The global pandemic had a significant effect on nearly every aspect of our society including pet adoptions. For shelter animals in the United States, the pandemic brought on a rush of adoptions for people who were going to have to quarantine at home and who needed companionship. However, around the world, the outcome for animals wasn’t as kind. This year has certainly changed the way animal adoptions work and has given insight into how to build a better support system for animals around the globe.
Changes to Adoption in the U.S.
A rush of adoptions in March as much of the nation prepared for a shutdown was heartening as many shelters were cleared of all their animals. According to an article on CNBC, shelters in New York and Los Angeles experienced a 70% increase in applications for foster care in March over the usual number. However, for those animals still in the shelter, the process of getting adopted had more challenges because of social distancing mandates.
The adoption process changed for many shelters as they found new and innovative ways to connect animals with potential adopters. Technology took the forefront as shelters that had to close to the public, took to virtual visits on Facebook live, Zoom, and other video conferencing platforms. According to an article on cnet.com, social media has been a highly effective tool in placing animals. Featuring an adopted animal on Facebook or Instagram helped garner interest for adoption of that animal, but others as well.
As restrictions started to lift, some shelters were able to open up by appointment only to keep social distancing regulations in place. Outdoor visits, wearing masks were put into place and were also effective ways to encourage adoption.
Global Pet Problems
While American shelters were successful with an influx of pet adoptions and foster families, shelters across the globe didn’t see the same results. According to EcoWatch, animals in other countries were often abandoned as their owners died or were unwilling to keep them. In some cases, early on the pandemic, people abandoned pets thinking they could transmit Covid.

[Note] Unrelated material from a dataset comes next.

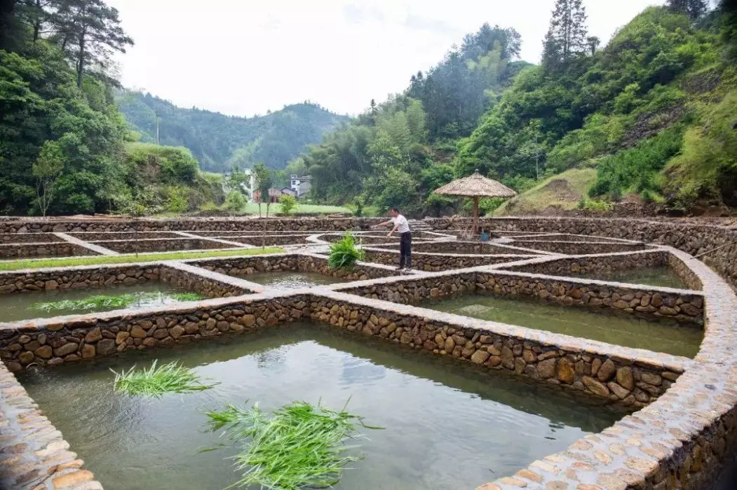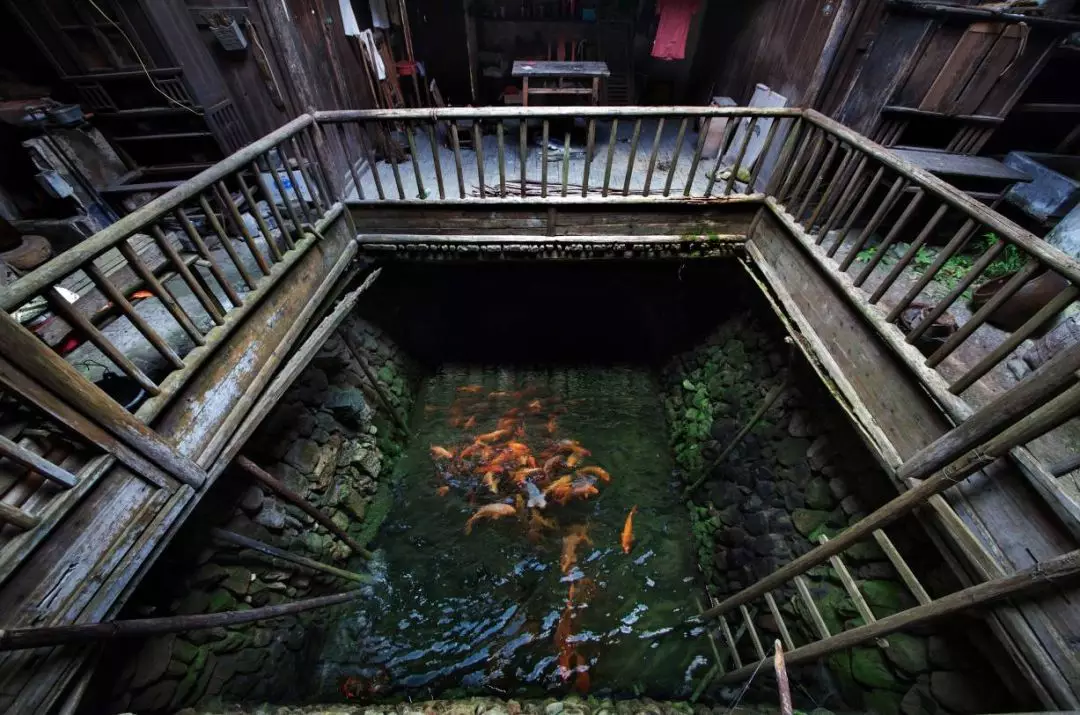 在何田乡,目前仍完整保存着古人进行山泉流水养鱼的重要遗址——“高源一号”百年古宅。“高源一号”内原本的天井被先人们改造成清水鱼塘,山泉穿塘而过,鱼在塘中、塘在屋内,古朴的徽派建筑,悠远的流水鱼塘。

Transferring animals from one nation to another for adoption is a practice that has helped animals in need, however, this practice was paused during Covid. This led to a number of animals from other countries unable to be adopted.
Solutions to Animal Homelessness
Both in the U.S. and globally, as humans struggle, so do their animals. Evictions are on the rise in the states as protections provided in the first round of Covid 10 relief expires. This is an issue in other countries as well. In addition, people who are unemployed or underemployed as a result of the pandemic might surrender or abandon animals because they simply don’t have enough resources.
The SPCA of Richmond addresses the underlying issues of animal homelessness in a blog on their website. SPCA of Richmond says that shelter diversion programs and prioritizing adoptions are key to preventing animal homelessness. Some of the programs they have to help minimize the strain on pets’ families are low-cost spay and neutering, pet food assistance programs, temporary low-cost boarding, and more. In addition, educating the public on the importance of adoption over purchasing animals is also important to preventing homelessness and reducing business for puppy mills.
More reliance on technology and more creativity for matching pets and families certainly kept animal shelters busy in 2020, however, they rose to the occasion to help place record numbers of pet adoptions.